Six-month sentence in human smuggling
VANCOUVER — A B.C. man who pleaded guilty to helping smuggle two people across the border into Canada has received a sixmonth conditional sentence.
In July 2016, Gurmeet Singh entered a guilty plea in B.C. provincial court in Surrey to the offence under the Immigration and Refugee Protection Act.
The following month, Judge Kimberley Arthur-Leung sentenced Singh to a 12-month conditional sentence.
Singh appealed that sentence, arguing that the judge had made a number of errors and that a conditional discharge would be a more appropriate sentence.
B.C. Supreme Court Justice Frits Verhoeven rejected Singh’s appeal arguments, but cut the conditional sentence to six months because that was the maximum allowable under the applicable law.
Court heard that Singh, described as a “well-regarded and successful businessman in the Indo-Canadian community,” paid $1,500 to people who smuggled Daler Singh and Nirmal Kaur — whom he considered his uncle and aunt — across the border from the United States into Canada.
Singh and his wife met the couple in Seattle and paid for them to stay the night there.
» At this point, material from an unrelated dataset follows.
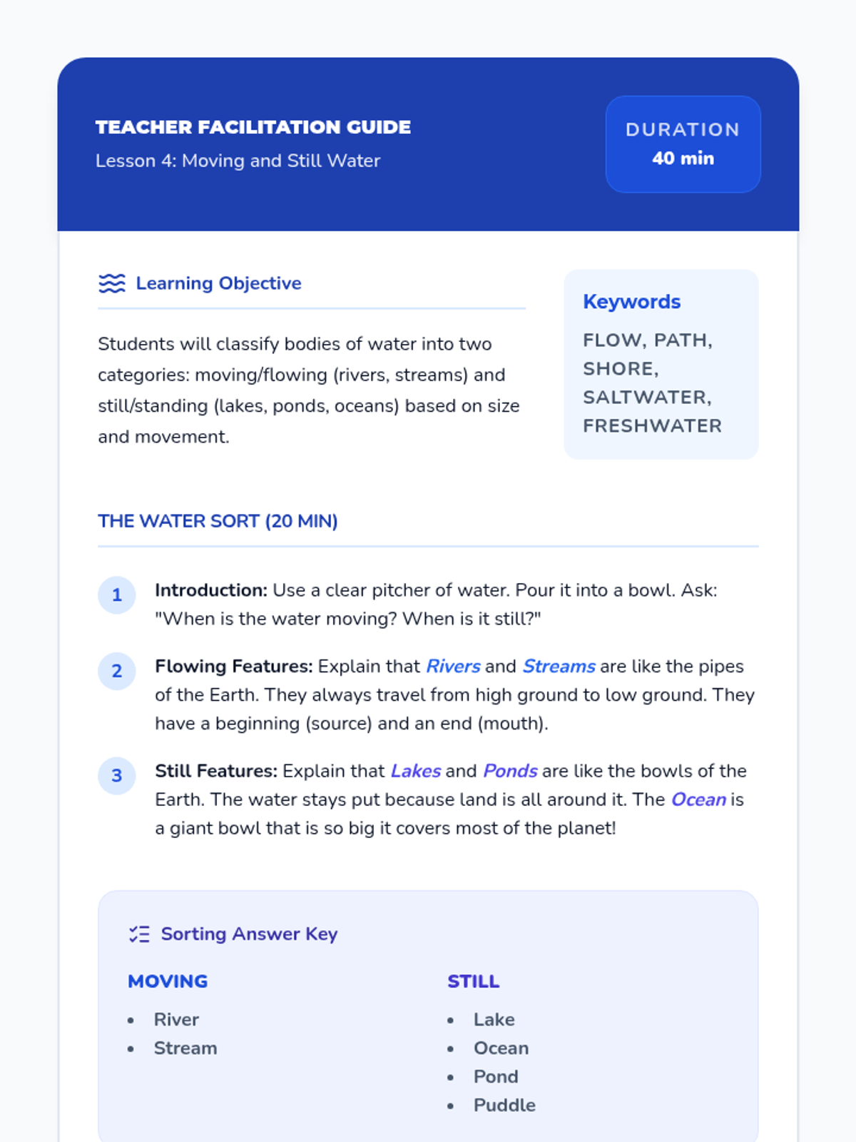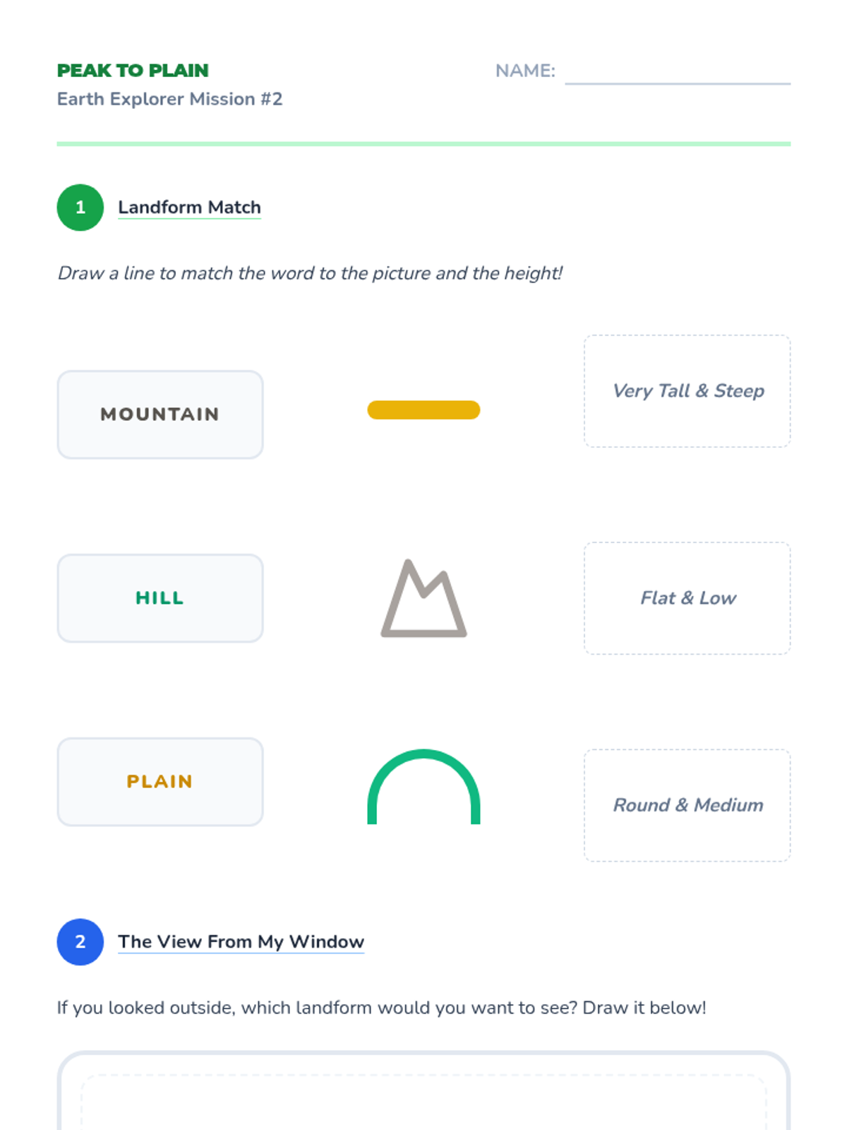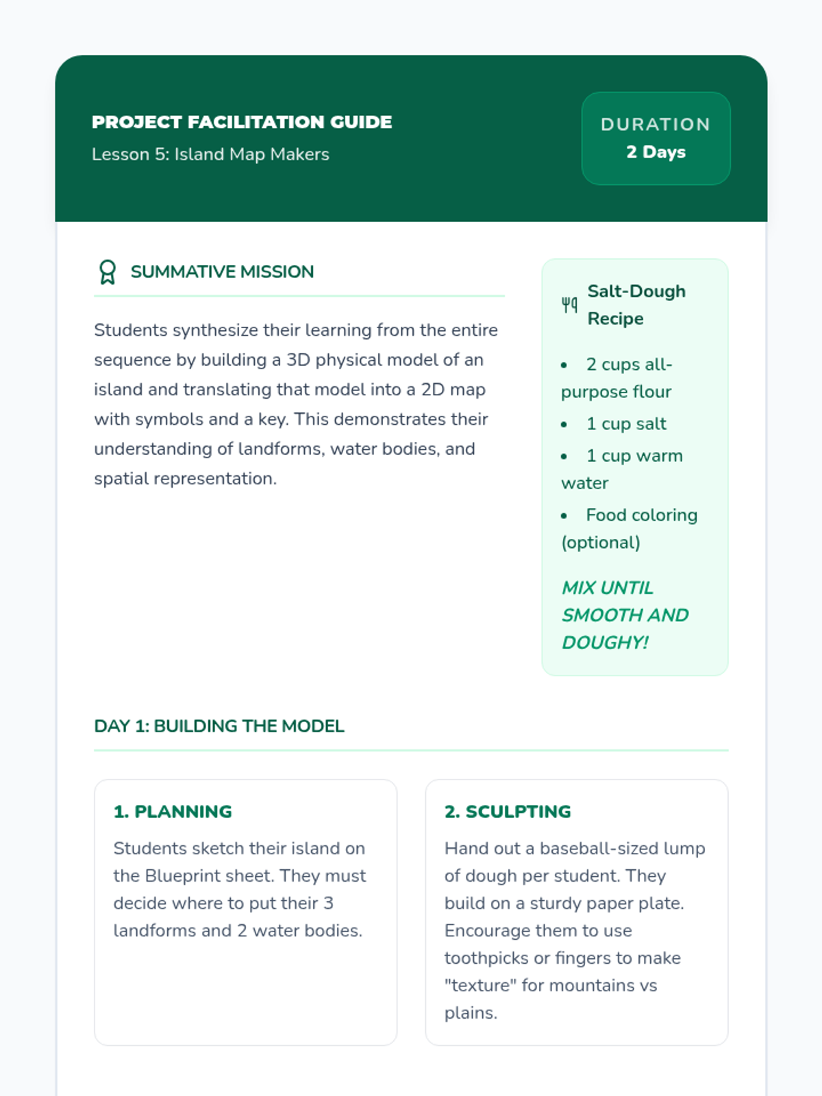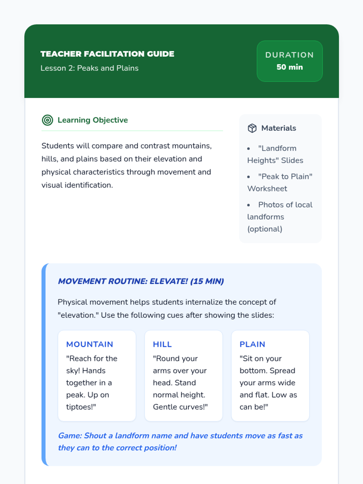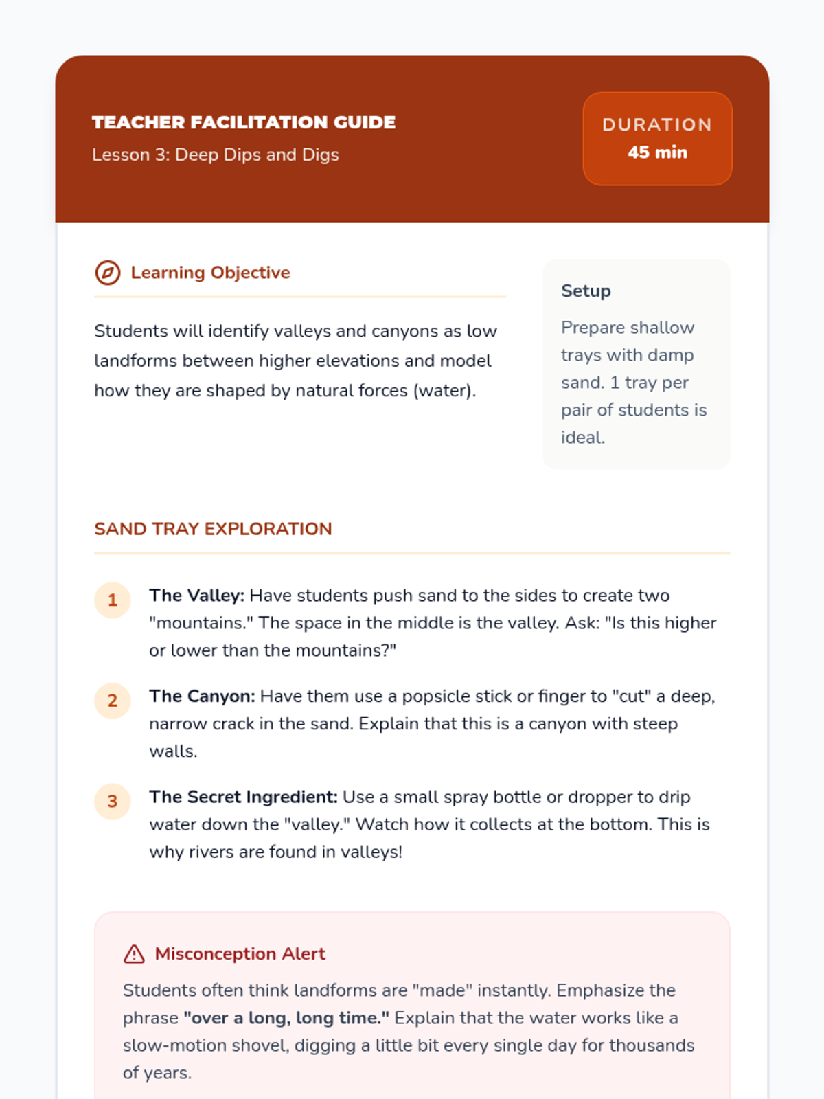 A foundational Earth science sequence for 1st-grade students to identify landforms and water bodies, culminating in 3D modeling and 2D mapping. Students act as geographers to explore the physical features of the Earth's surface through games, movement, and hands-on creation.

The Indian couple paid $2,000 US to the driver of a vehicle to be taken to the Canada-U.S. border at Blaine. They walked across the unfenced border into Surrey, where they were reunited with Singh.
Singh, a father of two who was 36 at the time of the sentencing, came to Canada from India in 2004 and became a Canadian citizen in 2011.
On the appeal, Singh’s lawyer argued that the sentencing judge had made several errors, including making a finding that Singh had sought out a person to assist him in bringing in the couple illegally. But Verhoeven rejected those arguments, calling Singh “an active, knowing, and wilful participant in the scheme” and noting Singh admitted to paying the smugglers $1,500.